*Task to complete:*
Copy out every line of the material below, character for character, apart from the pictures.

*Source data:*
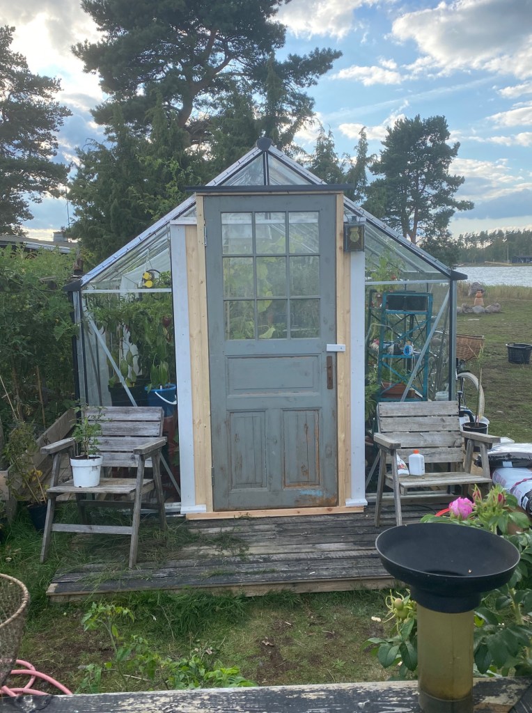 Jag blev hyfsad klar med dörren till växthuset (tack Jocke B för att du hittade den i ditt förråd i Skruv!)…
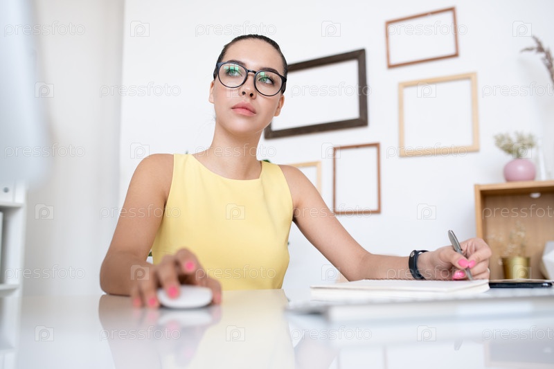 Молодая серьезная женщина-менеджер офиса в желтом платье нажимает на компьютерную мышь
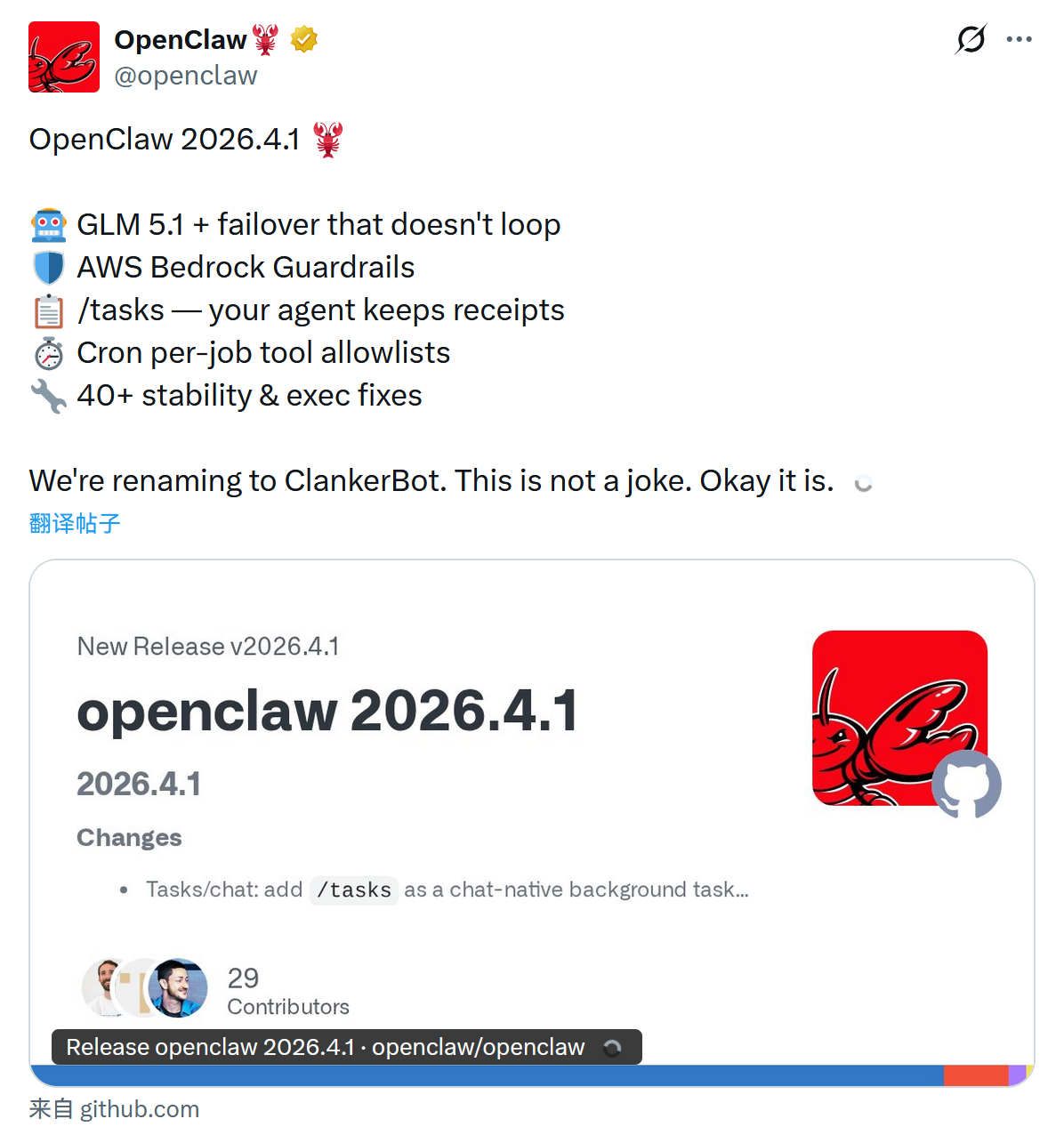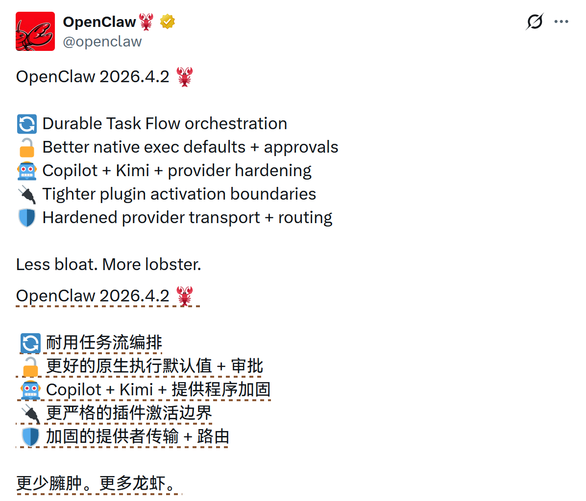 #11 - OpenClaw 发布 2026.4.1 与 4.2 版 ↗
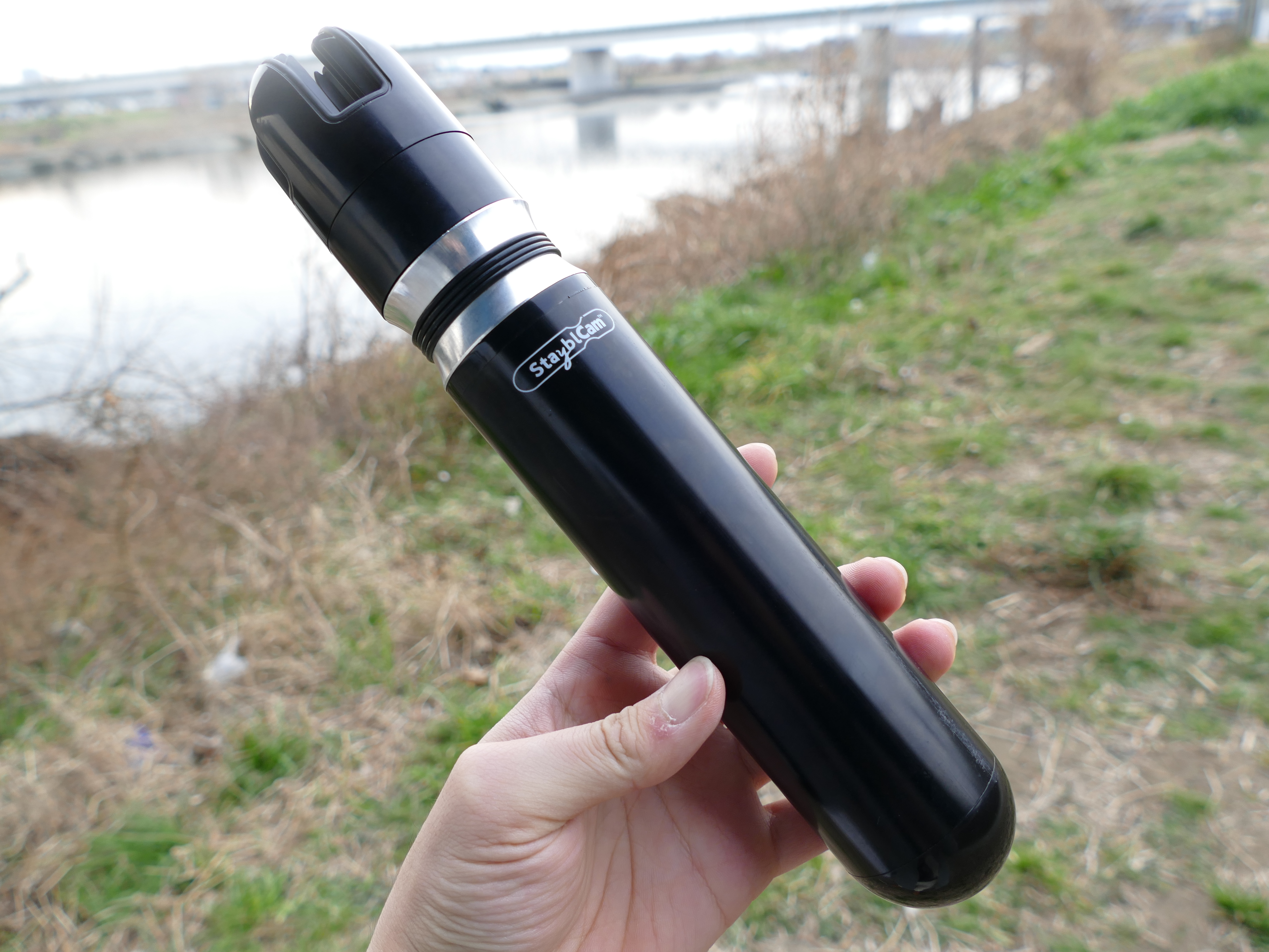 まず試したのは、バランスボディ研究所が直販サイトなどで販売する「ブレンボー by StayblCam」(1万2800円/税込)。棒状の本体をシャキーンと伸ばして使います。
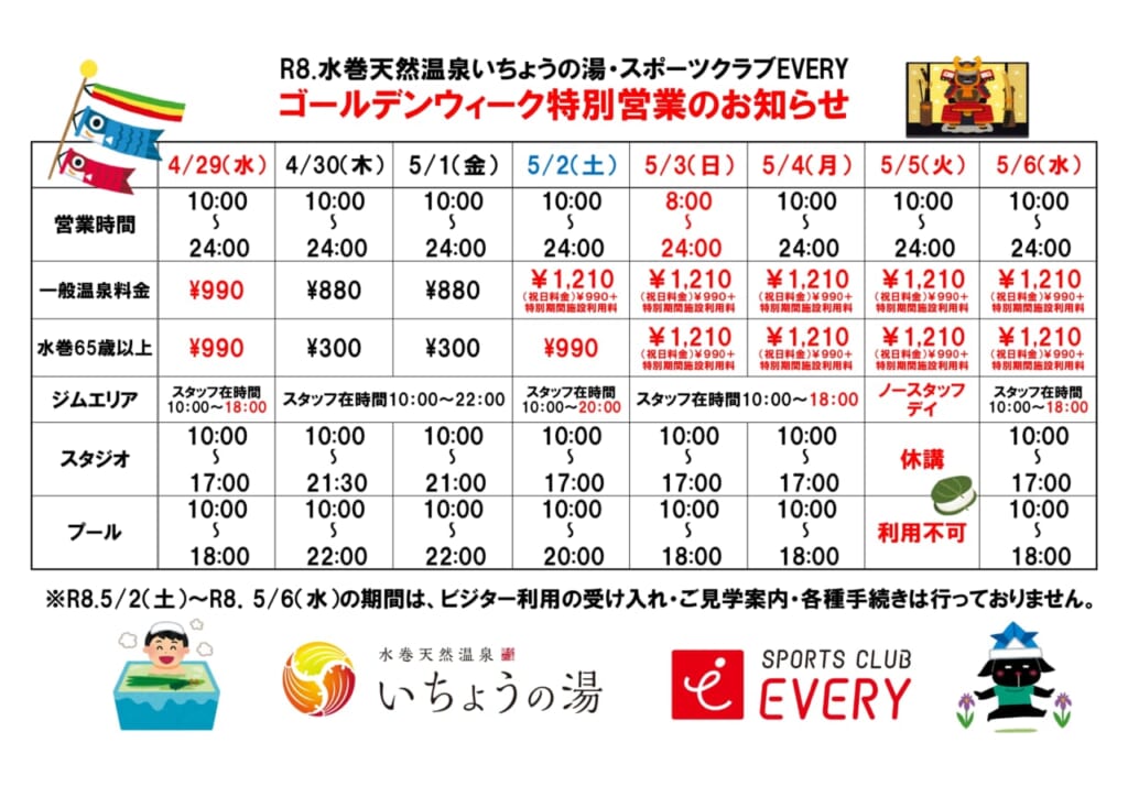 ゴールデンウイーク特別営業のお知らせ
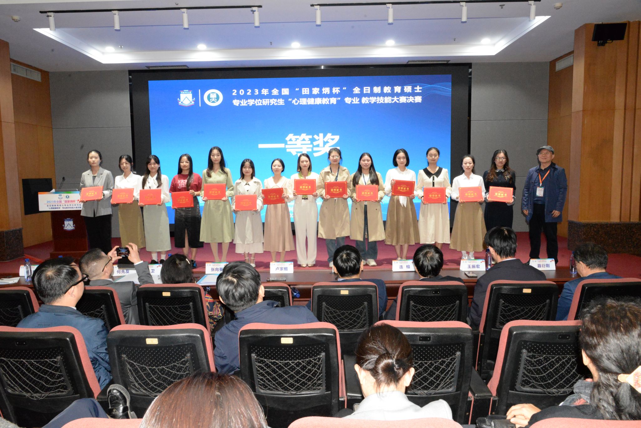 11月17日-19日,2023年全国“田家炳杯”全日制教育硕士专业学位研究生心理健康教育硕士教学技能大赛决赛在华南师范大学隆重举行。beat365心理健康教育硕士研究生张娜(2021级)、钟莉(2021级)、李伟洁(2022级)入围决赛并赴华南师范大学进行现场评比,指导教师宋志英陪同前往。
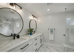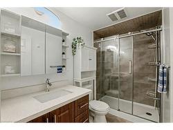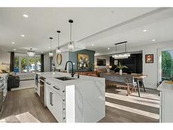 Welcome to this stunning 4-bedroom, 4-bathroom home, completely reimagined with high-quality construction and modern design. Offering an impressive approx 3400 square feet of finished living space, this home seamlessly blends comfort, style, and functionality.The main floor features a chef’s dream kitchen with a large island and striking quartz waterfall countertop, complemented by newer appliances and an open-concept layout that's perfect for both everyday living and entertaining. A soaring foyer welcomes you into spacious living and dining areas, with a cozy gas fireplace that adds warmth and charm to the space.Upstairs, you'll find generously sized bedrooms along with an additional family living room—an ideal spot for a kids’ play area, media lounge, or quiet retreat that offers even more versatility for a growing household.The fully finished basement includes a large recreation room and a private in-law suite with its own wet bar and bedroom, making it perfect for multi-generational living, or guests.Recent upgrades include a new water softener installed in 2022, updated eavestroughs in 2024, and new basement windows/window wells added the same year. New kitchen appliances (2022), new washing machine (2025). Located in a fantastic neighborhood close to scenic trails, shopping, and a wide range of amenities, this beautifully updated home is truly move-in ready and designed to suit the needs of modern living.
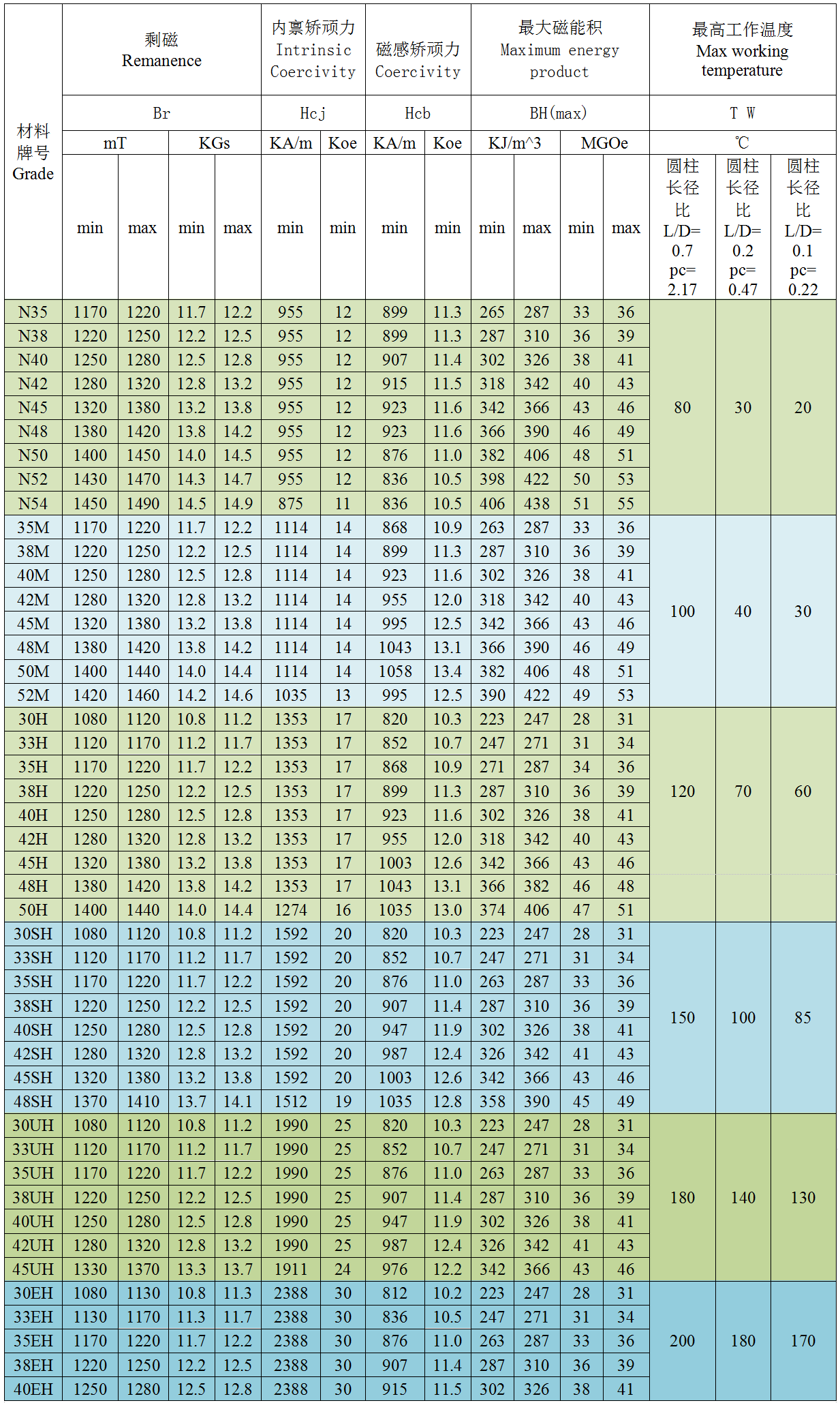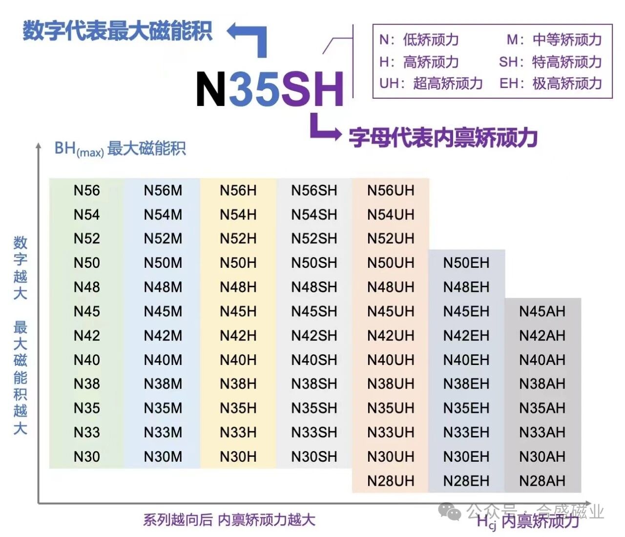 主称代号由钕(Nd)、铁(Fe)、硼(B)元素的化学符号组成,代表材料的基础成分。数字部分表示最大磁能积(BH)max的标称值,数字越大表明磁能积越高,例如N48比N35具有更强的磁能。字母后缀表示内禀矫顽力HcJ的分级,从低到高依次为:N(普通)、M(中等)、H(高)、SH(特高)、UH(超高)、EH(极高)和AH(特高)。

*Exercise answer:*
 Jag blev hyfsad klar med dörren till växthuset (tack Jocke B för att du hittade den i ditt förråd i Skruv!)…
 Молодая серьезная женщина-менеджер офиса в желтом платье нажимает на компьютерную мышь
 #11 - OpenClaw 发布 2026.4.1 与 4.2 版 ↗
 まず試したのは、バランスボディ研究所が直販サイトなどで販売する「ブレンボー by StayblCam」(1万2800円/税込)。棒状の本体をシャキーンと伸ばして使います。
 ゴールデンウイーク特別営業のお知らせ
 11月17日-19日,2023年全国“田家炳杯”全日制教育硕士专业学位研究生心理健康教育硕士教学技能大赛决赛在华南师范大学隆重举行。beat365心理健康教育硕士研究生张娜(2021级)、钟莉(2021级)、李伟洁(2022级)入围决赛并赴华南师范大学进行现场评比,指导教师宋志英陪同前往。
 Welcome to this stunning 4-bedroom, 4-bathroom home, completely reimagined with high-quality construction and modern design. Offering an impressive approx 3400 square feet of finished living space, this home seamlessly blends comfort, style, and functionality.The main floor features a chef’s dream kitchen with a large island and striking quartz waterfall countertop, complemented by newer appliances and an open-concept layout that's perfect for both everyday living and entertaining. A soaring foyer welcomes you into spacious living and dining areas, with a cozy gas fireplace that adds warmth and charm to the space.Upstairs, you'll find generously sized bedrooms along with an additional family living room—an ideal spot for a kids’ play area, media lounge, or quiet retreat that offers even more versatility for a growing household.The fully finished basement includes a large recreation room and a private in-law suite with its own wet bar and bedroom, making it perfect for multi-generational living, or guests.Recent upgrades include a new water softener installed in 2022, updated eavestroughs in 2024, and new basement windows/window wells added the same year. New kitchen appliances (2022), new washing machine (2025). Located in a fantastic neighborhood close to scenic trails, shopping, and a wide range of amenities, this beautifully updated home is truly move-in ready and designed to suit the needs of modern living.
 主称代号由钕(Nd)、铁(Fe)、硼(B)元素的化学符号组成,代表材料的基础成分。数字部分表示最大磁能积(BH)max的标称值,数字越大表明磁能积越高,例如N48比N35具有更强的磁能。字母后缀表示内禀矫顽力HcJ的分级,从低到高依次为:N(普通)、M(中等)、H(高)、SH(特高)、UH(超高)、EH(极高)和AH(特高)。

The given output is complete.